Fauci recalled that, on his way out, then-White House chief of staff John Sununu smiled and said, “You son of a bitch. Nobody says no to the president.”

Marjorie Taylor Greene
GOP Rep. Marjorie Taylor Greene of Georgia points to a photograph of Fauci while questioning him during a hearing about the COVID-19 pandemic’s origins, on June 3. (Chip Somodevilla/Getty Images)

Fauci generally speaks highly of his bosses, from Reagan to Biden but he was often unsettled by the “frustrating realities of Washington, D.C.,” namely partisan politics getting in the way of public health initiatives.

Fauci writes that, under President George W. Bush, he wanted the administration to make a major push in the fight against tuberculosis and malaria, and made a pitch for Bush to include the effort in his final State of the Union address. (Malaria was mentioned but without a call for funding, Fauci recalls. Tuberculosis wasn’t discussed at all.)

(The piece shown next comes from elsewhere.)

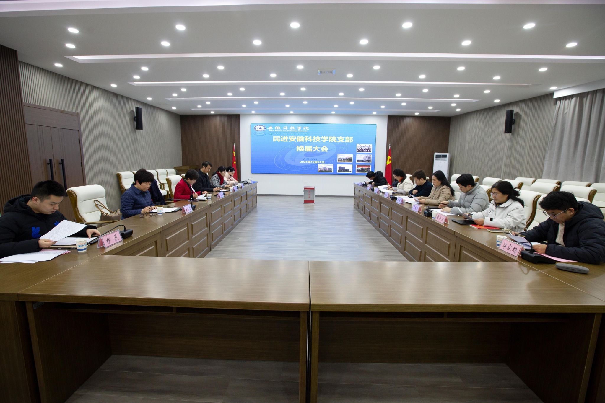 12月24日下午,民进支部换届大会在凤阳校区图书馆B多功能厅召开。蚌埠市政协副主席、民进蚌埠市委会主委宋静,党委宣传部、党委统战部常务副部长,党委学工部、学生处处长黄立义,民进蚌埠市委会专职副主委潘吉红等参加会议。会议由民进支部主委张菊主持。

During the Obama administration, Fauci pushed for a new initiative aimed at creating an “AIDS-free generation” and even pitched writing a New York Times op-ed about the possibility of ending the AIDS pandemic. But an official in the Obama White House noticed Fauci’s draft included a call for funding and demanded he pull back the submission for being “off message.”

Anthony Fauci
Alex Wong/Getty Images

As a result of his public clashes with Trump, Fauci received numerous death threats. In the book, he details one particularly unnerving episode in August 2021 when he opened a letter that contained white powder along with a chilling message.

“MANDATORY LOCKDOWNS,” it read in all capital letters. “REAP WHAT YOU SOW. ENJOY YOUR GIFT.”

Subsequent testing determined that the powder was harmless, but for several hours, Fauci worried that he had been exposed to a deadly toxin.

“I do not fear death,” Fauci writes. “But I was not ready to leave this earth yet. Not by a long shot.”